Property operating expenses were $21.2 million for the three months ended June 30, 2011. This represents a decrease of $2.1 million, as compared to the prior period operating expenses of $23.3 million. This change, by segment, is a decrease in our commercial properties of $0.6 million, a decrease in our apartment portfolio of $0.6 million, and a decrease in our in our land and other segments of $0.9 million. Within the apartment portfolio, the same apartment properties decreased $0.9 million due to a decrease in overall costs and additional repairs and maintenance, offset by an increase of $0.3 million from developed properties in the lease-up phase. The decrease in the land and other portfolios was due to a prior year real estate tax accrual adjustment.

Mortgage and loan interest expense was $17.7 million for the three months ended June 30, 2011. This represents a decrease of $2.6 million, as compared to the prior period interest expense of $20.3 million. This change, by segment, is a decrease in our commercial properties of $1.1 million, a decrease in our apartment portfolio of $0.3 million, and a decrease in our land portfolio of $0.9 million and a decrease in our other portfolio of $0.3 million. The decrease in the apartment portfolio is primarily due to loans that were refinanced in 2010 at a lower interest rate. The majority of the decrease in the commercial portfolio is due to a matured loan that is being negotiated. The decrease in the other portfolio was due to a decrease in interest expense on loan amounts due to our advisor.

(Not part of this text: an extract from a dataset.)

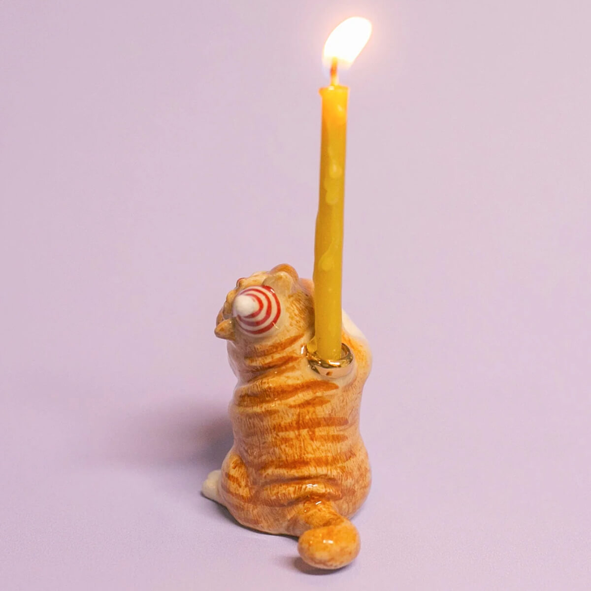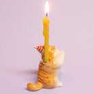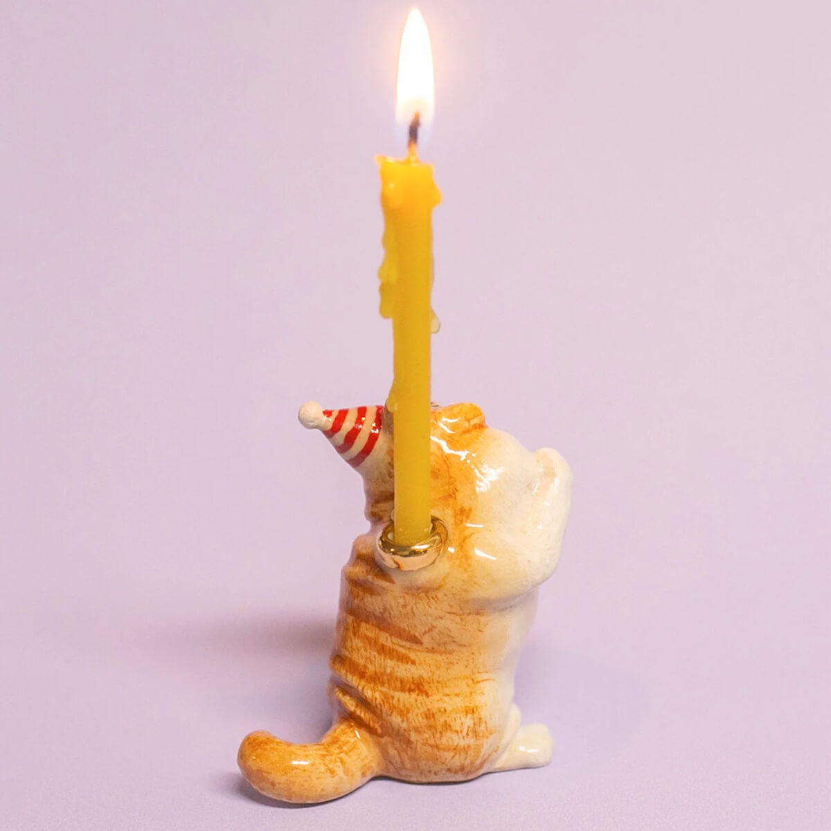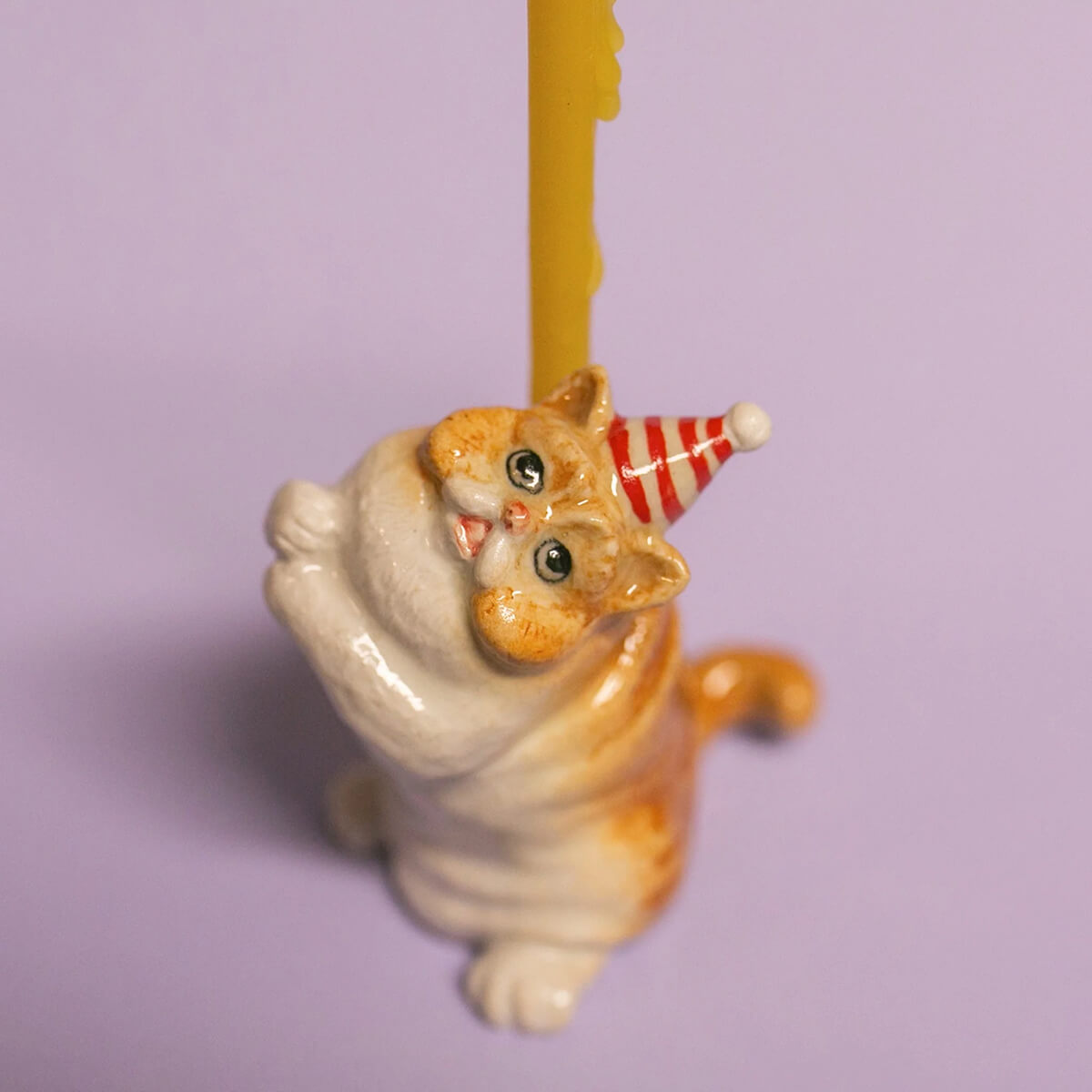 Exotic Shorthair Cat ceramic cake topper by Camp Hollow. This porcelain cake topper adds a whimsical touch to any celebration, featuring an adorable Exotic Shorthair cat wearing a festive striped party hat. Made from high-quality, food-safe materials, it is ideal for birthdays, cat-themed parties, and special occasions. The lifelike design and intricate details make it a delightful keepsake long after the event. Add a unique and fun touch to your cake with this adorable topper. Crafted in fine porcelain and meticulously hand-painted, this beautiful heirloom quality candle holder will celebrate every birthday and occasion for years to come.

Gain on land sales was $14.0 million for the three months ended June 30, 2011. This represents an increase of $18.1 million as compared to the prior period loss of $4.1 million. In the current period, we sold 1,067 acres of land in 19 separate transactions for an aggregate sales price of $60.4 million and recorded a gain of $14.0 million. In the prior period, we sold 23.56 acres of land in two transactions for an aggregate sales price of $17.6 million and recorded a loss $4.1 million.

For the six months ended June 30, 2011, we reported a net gain applicable to common shares of $4.0 million or $0.35 per diluted earnings per share, as compared to a net loss applicable to common shares of ($26.9) million or ($2.34) per diluted earnings per share for the same period ended 2010.

Rental and other property revenues were $74.1 million for the six months ended June 30, 2011. This represents a decrease of $0.2 million, as compared to the prior period revenues of $74.3 million. This change, by segment, is a decrease in the commercial portfolio of $1.6 million, a decrease in the hotel portfolio of $0.5 million, an increase in the land and other portfolios of $0.1 million, and an increase in the apartment portfolio of $1.8 million. Within the apartment portfolio, there was an increase of $0.5 million due to the developed properties in the lease-up phase and an increase of $1.3 million in the same property portfolio. Within the commercial portfolio the decrease was attributable to the same properties due to an increase in vacancy, which we attribute to the current state of the economy. Revenues from our same hotel portfolio are also suffering due to the economy with decreased stays from travelers. We have directed our efforts to apartment development and put some additional land projects on hold until the economic conditions turn around. We are continuing to market our properties aggressively to attract new tenants and strive for continuous improvement of our properties in order to maintain our existing tenants.